From: Philip Nienhuis
Subject: Re: Troubleshooting segmentation Violation Octave MXE 3.8.0 Win7 32bit
Date: Mon, 31 Mar 2014 14:44:48 -0700 (PDT)

ijourneaux wrote
> Philip
> I am finally in a position where I can build Octave 3.8.1 for Windows
> (under Debian). Using the latest sources from
> http://hg.octave.org/mxe-octave, I was able to build the Octave install
> package and install on my windows machine.
> 
> At this point, I still get the same behavior I had observed before were I
> get a segmentation violation when I exit Octave after running this simple
> code
> 
> a = repmat (uint8 (0:255), 100, 1); 
> imwrite (a, "test.jpg"); 
> b=imrotate(a,5,'nearest','crop'); 
> 
> you had mentioned keeping the debug symbols but I have not been able to
> determine the correct change to make so that the debug symbols are kept.

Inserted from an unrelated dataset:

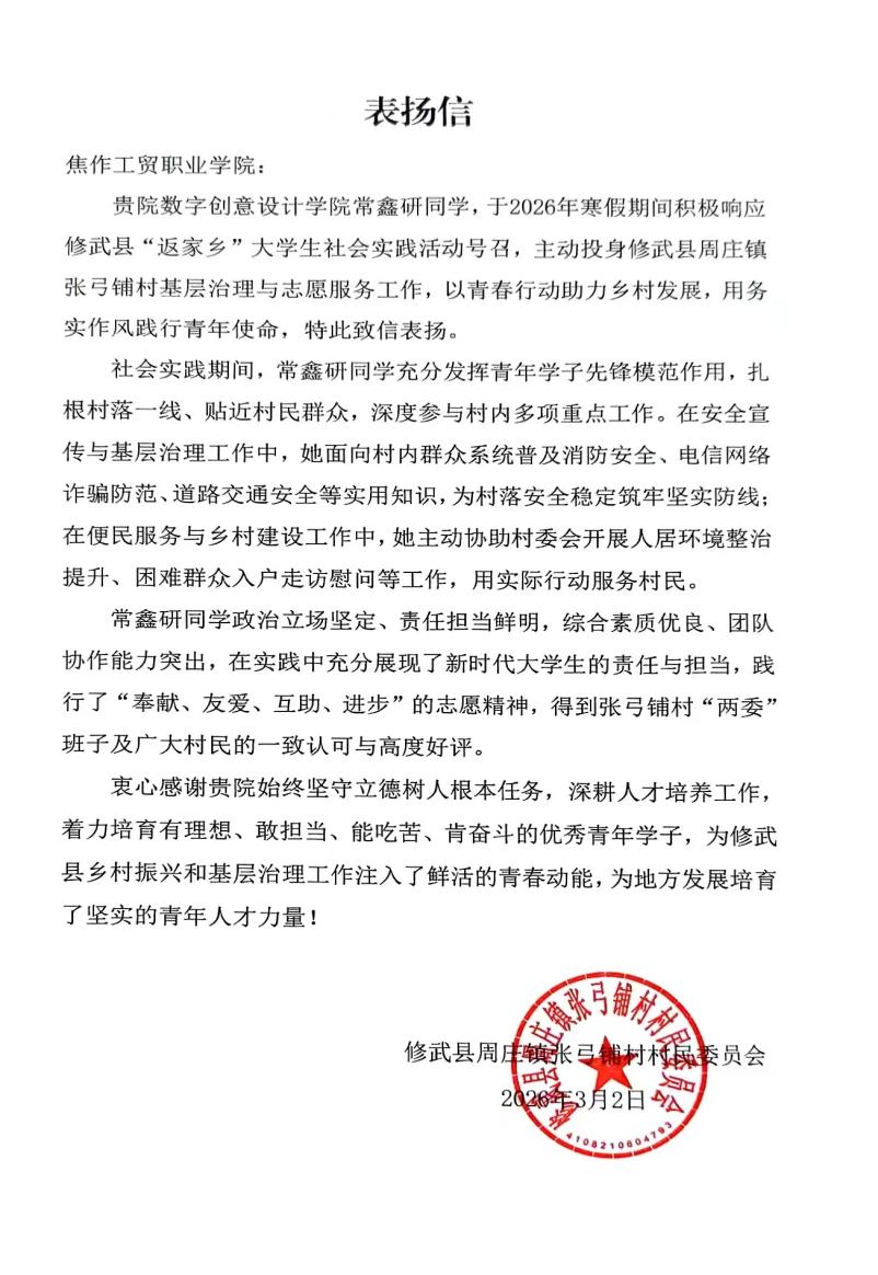 24(五)数字媒体技术应用7班常鑫研,于修武县周庄镇张弓铺村参与志愿活动,扎根乡村基层,积极投身村内各类志愿服务,以认真的态度和扎实的行动完成各项实践任务,凭借优异的表现收获张弓铺村的表扬信,充分展现了学院学子的良好风貌。

Yes sorry I had no time & priority yet to sort this out. Good on you that
you came this far!

>From the top of my head, you'd need to proceed roughly as follows (hopefully
one of the other devs will jump in, undoubtedly I have some points wrong -
hopefully no vital ones). 
Note that my experiences with gdb are only basic. But it can't be much
different from or harder then the handful of other debuggers I used decades
ago, so here goes, two ways:

1. Rebuilding with debug symbols
-------------------------------
I think you need to change the install commands in the mxe-octave tree, in
<mxe-octave>/src/octave.mk (or .../stable-octave.mk).
IIRC somewhere there's a statement "install-strip" which has to be replaced
by a mere "install".
But it can also be in the top level Makefile.
I think that's about it for a start. Just build the installer then (make
nsis-installer JOBS=<nr_of_CPU_cores>)
Be warned that several dlls can get really large. IIRC one of the
liboct*.dll files, just built, is about 340 MB; after stripping it's just
some tens of MBs.

2. Replacing dlls with unstripped ones (not sure if this is actually true)
------------------------------------
You could also try to manually copy the relevant .dlls and .exes over from
<mxe-octave>/octave or from somewhere in
<mxe-octave>/usr/.../i686-mingw64.../bin. 
AFAIR somewhere in the mxe-octave source tree, after building the
installer/archive, they still exist in unstripped form. Maybe even in
<mxe-octave>/dist/octave-3.8.1 or so?
If you find them (compare their sizes versus the ones in your installation),
I think you can simply swap them into the place of the stripped ones in your
Octave installation. They are three liboct*.dll files and the various
octave*.exe files in bin/, plus the various .oct files in libexec/ and lib/.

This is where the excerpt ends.